Table 1 Characteristics of the study population forming the new cohort that were merged by the NUTRIMENTHE Global Database (Mean values and standard deviations)

* χ 2 test.

Description of the NUTRIMENTHE Neuropsychological Battery

No neuropsychological tests were available with versions for all participating countries, (Belgium, Germany, Italy, The Netherlands, Poland and Spain). Thus, to assess the child’s neurocognitive development, a comprehensive neuropsychological battery was specifically developed for the NUTRIMENTHE project: the NUTRIMENTHE Neuropsychological Battery (NNB). Criteria used to choose the neuropsychological tests were as follows: (1) tests to assess the main neuropsychological domains; (2) tests appropriate for 7–9 year-old children; (3) tests with low verbal stimulus in order to reduce the influence of language; (4) when possible, tests with reduced cultural influence. Most of the tests identified were not available in many of the countries participating in the NUTRIMENTHE project. When a chosen test was not available in one country, procedures were put in place to translate and culturally adapt the test. Finally, the NNB was culturally adapted and translated into six languages and implemented in six European countries. A back-translation procedure was followed to translate the tests. First, instructions were translated from Spanish to each language by a translator, and another expert translated the tests from each language to Spanish. Both versions were compared and discrepancies were sorted out.

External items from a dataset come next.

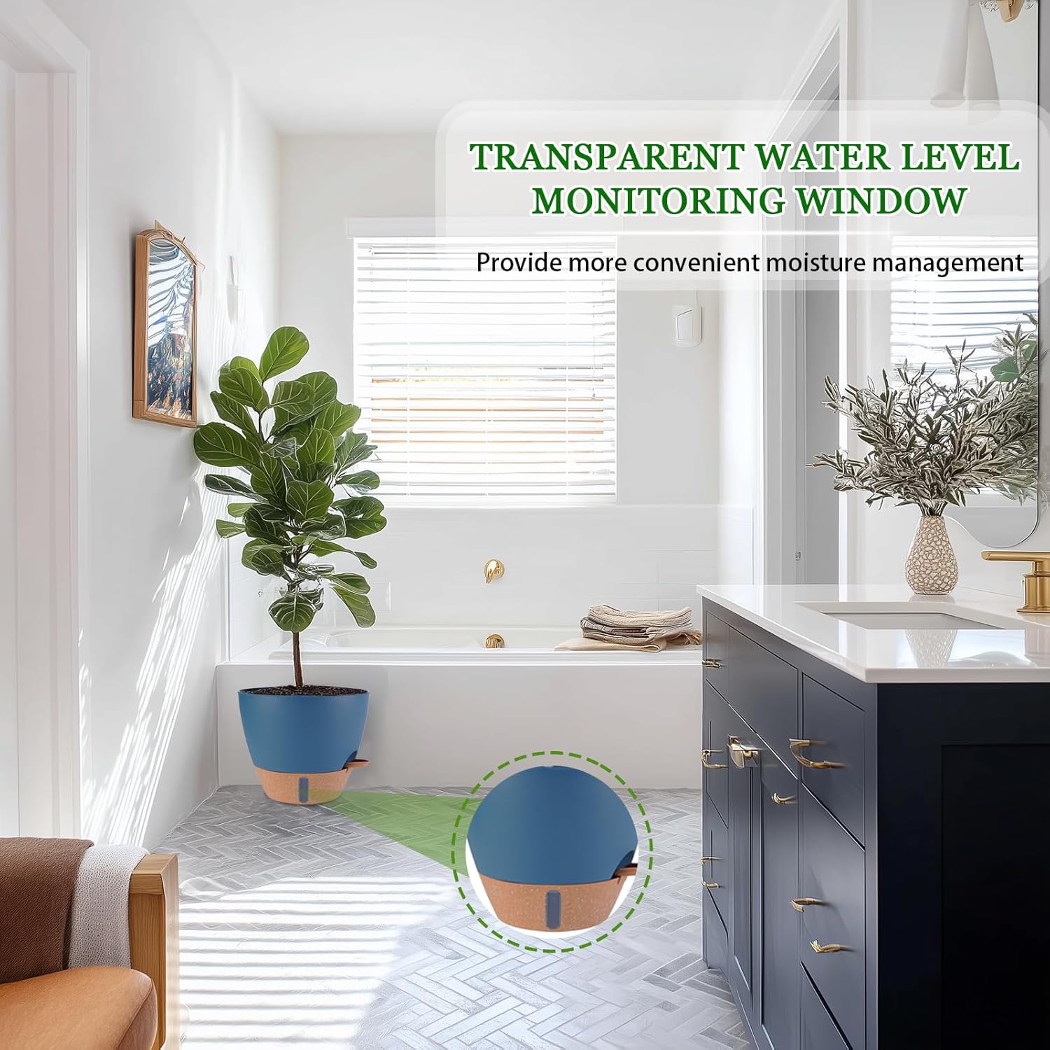 12/10/8 inch Plant Pots, Large Plastic Self Watering Planters with Drainage Holes, Deep Reservoir, Water Level Indicator, Modern Decorative Flower Pots for Indoor Outdoor Plants (Navy Blue, 12/10/8)
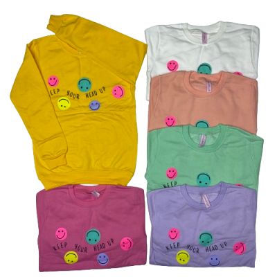 568 EMOJI BASKILI 2 IP SARDONLU SWEAT 8-12 YAS
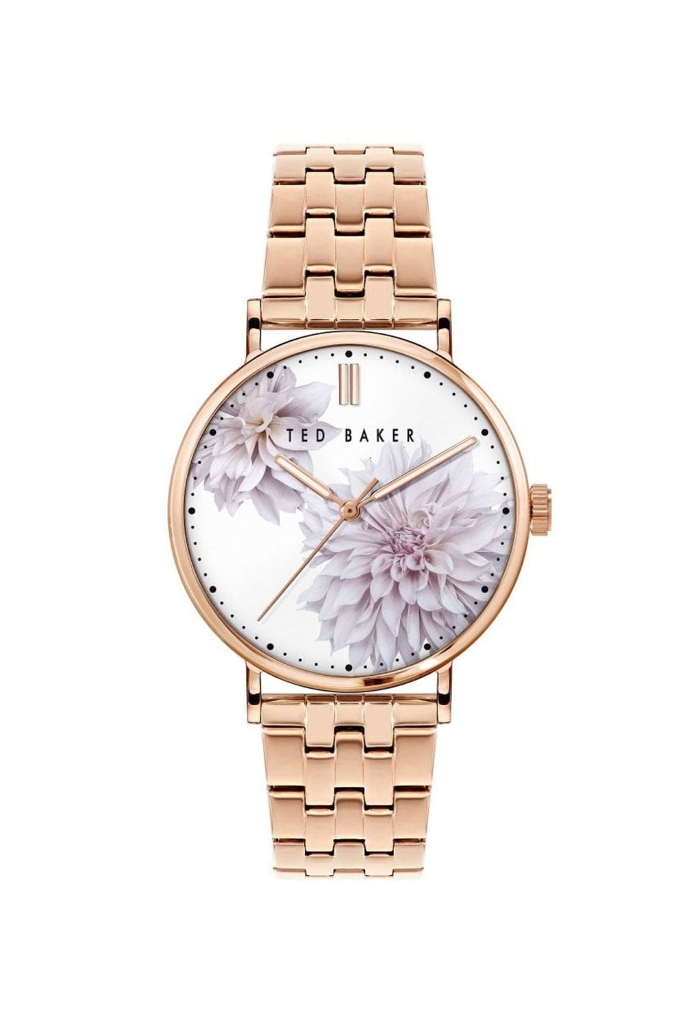 The BKPPHS120 watch, also known as the Ted Baker Phylipa Peonia, is a stunning piece designed for women. It features a rose gold-tone stainless steel bracelet, a white and pink printed dial, and a 37mm case diameter. The watch operates on quartz analog movement and is water-resistant up to 50 metres.

The cognitive tests’ battery consists of fifteen tests to assess seven domains( Reference Snodgrass and Vanderwart 47 –59): processing speed, perception, motor, memory, attention, language and executive functions, which are described in Table 2 (full description in the online Supplementary Material). For each subtest, we calculated sex and country internal z-scores. Finally, neuropsychological data from 880 European children were used in the statistical analyses included in the present study.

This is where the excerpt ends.